■ **TASK PROMPT**: Repeat the records exactly. Leave out the pictures.

(Items from a data source)
* * * *

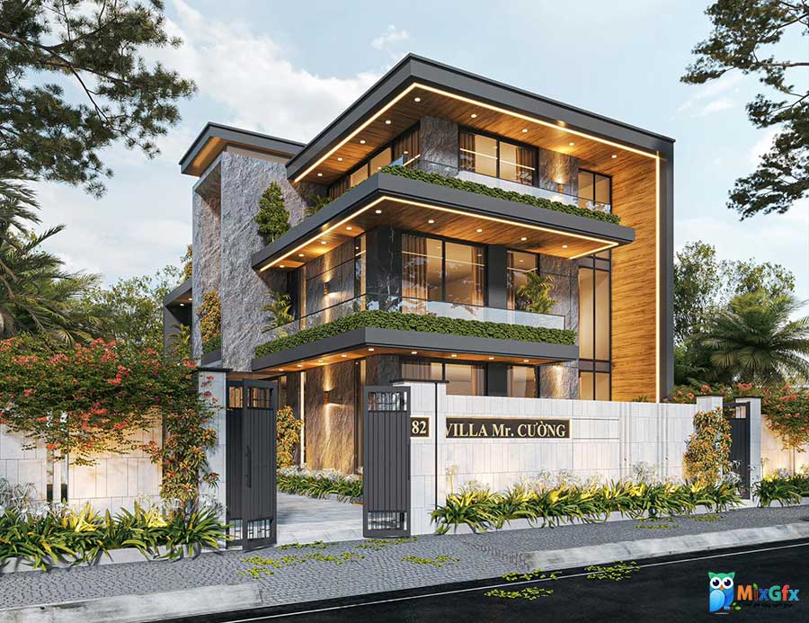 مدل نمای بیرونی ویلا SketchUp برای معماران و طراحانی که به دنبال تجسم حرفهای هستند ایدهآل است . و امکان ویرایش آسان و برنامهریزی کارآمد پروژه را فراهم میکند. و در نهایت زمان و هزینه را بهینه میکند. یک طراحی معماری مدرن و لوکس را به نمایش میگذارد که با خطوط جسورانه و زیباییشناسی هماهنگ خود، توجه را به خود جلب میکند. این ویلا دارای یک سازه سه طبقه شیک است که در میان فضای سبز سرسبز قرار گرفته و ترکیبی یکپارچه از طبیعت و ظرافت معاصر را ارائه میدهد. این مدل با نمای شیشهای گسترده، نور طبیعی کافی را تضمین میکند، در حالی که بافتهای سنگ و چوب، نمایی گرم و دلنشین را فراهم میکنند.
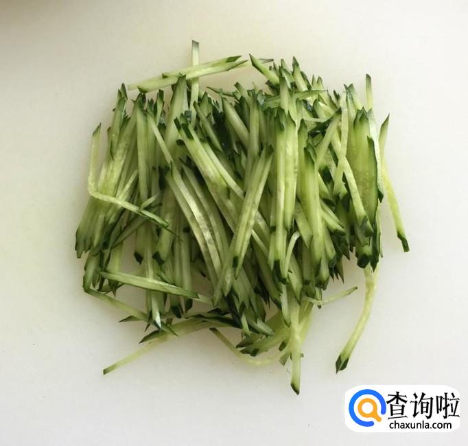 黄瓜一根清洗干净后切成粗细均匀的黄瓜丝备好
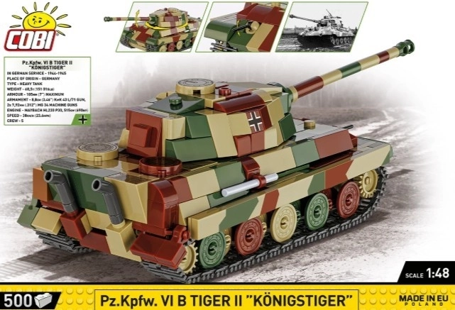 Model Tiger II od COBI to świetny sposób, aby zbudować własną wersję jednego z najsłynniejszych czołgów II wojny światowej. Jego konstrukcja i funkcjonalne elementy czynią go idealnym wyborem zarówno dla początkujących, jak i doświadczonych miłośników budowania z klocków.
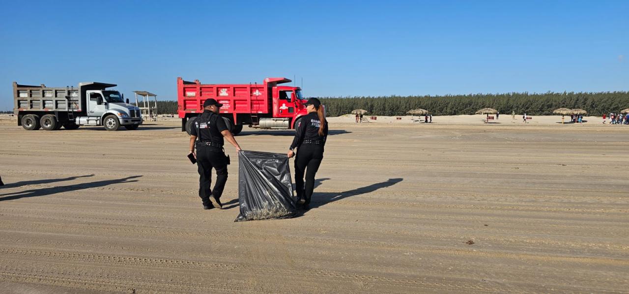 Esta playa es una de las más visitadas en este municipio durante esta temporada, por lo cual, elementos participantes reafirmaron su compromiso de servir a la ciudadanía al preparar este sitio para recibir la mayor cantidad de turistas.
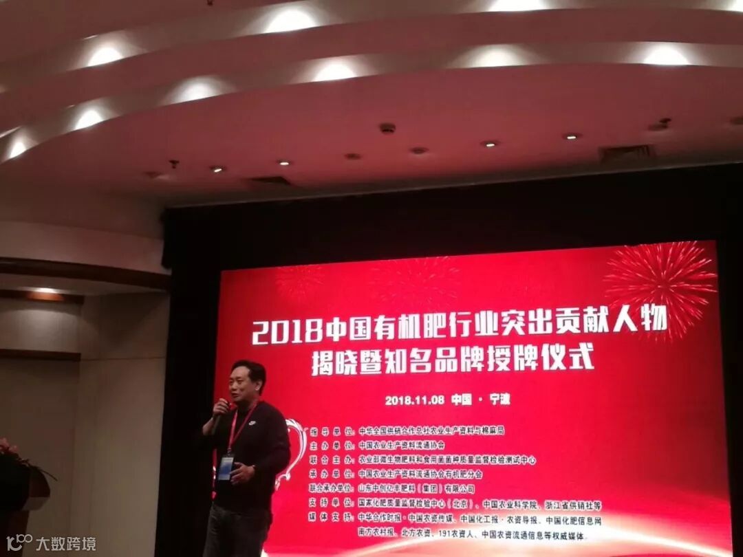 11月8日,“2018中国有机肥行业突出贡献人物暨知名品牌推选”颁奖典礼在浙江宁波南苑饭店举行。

* * * *

■ **TASK OUTPUT**:
 مدل نمای بیرونی ویلا SketchUp برای معماران و طراحانی که به دنبال تجسم حرفهای هستند ایدهآل است . و امکان ویرایش آسان و برنامهریزی کارآمد پروژه را فراهم میکند. و در نهایت زمان و هزینه را بهینه میکند. یک طراحی معماری مدرن و لوکس را به نمایش میگذارد که با خطوط جسورانه و زیباییشناسی هماهنگ خود، توجه را به خود جلب میکند. این ویلا دارای یک سازه سه طبقه شیک است که در میان فضای سبز سرسبز قرار گرفته و ترکیبی یکپارچه از طبیعت و ظرافت معاصر را ارائه میدهد. این مدل با نمای شیشهای گسترده، نور طبیعی کافی را تضمین میکند، در حالی که بافتهای سنگ و چوب، نمایی گرم و دلنشین را فراهم میکنند.
 黄瓜一根清洗干净后切成粗细均匀的黄瓜丝备好
 Model Tiger II od COBI to świetny sposób, aby zbudować własną wersję jednego z najsłynniejszych czołgów II wojny światowej. Jego konstrukcja i funkcjonalne elementy czynią go idealnym wyborem zarówno dla początkujących, jak i doświadczonych miłośników budowania z klocków.
 Esta playa es una de las más visitadas en este municipio durante esta temporada, por lo cual, elementos participantes reafirmaron su compromiso de servir a la ciudadanía al preparar este sitio para recibir la mayor cantidad de turistas.
 11月8日,“2018中国有机肥行业突出贡献人物暨知名品牌推选”颁奖典礼在浙江宁波南苑饭店举行。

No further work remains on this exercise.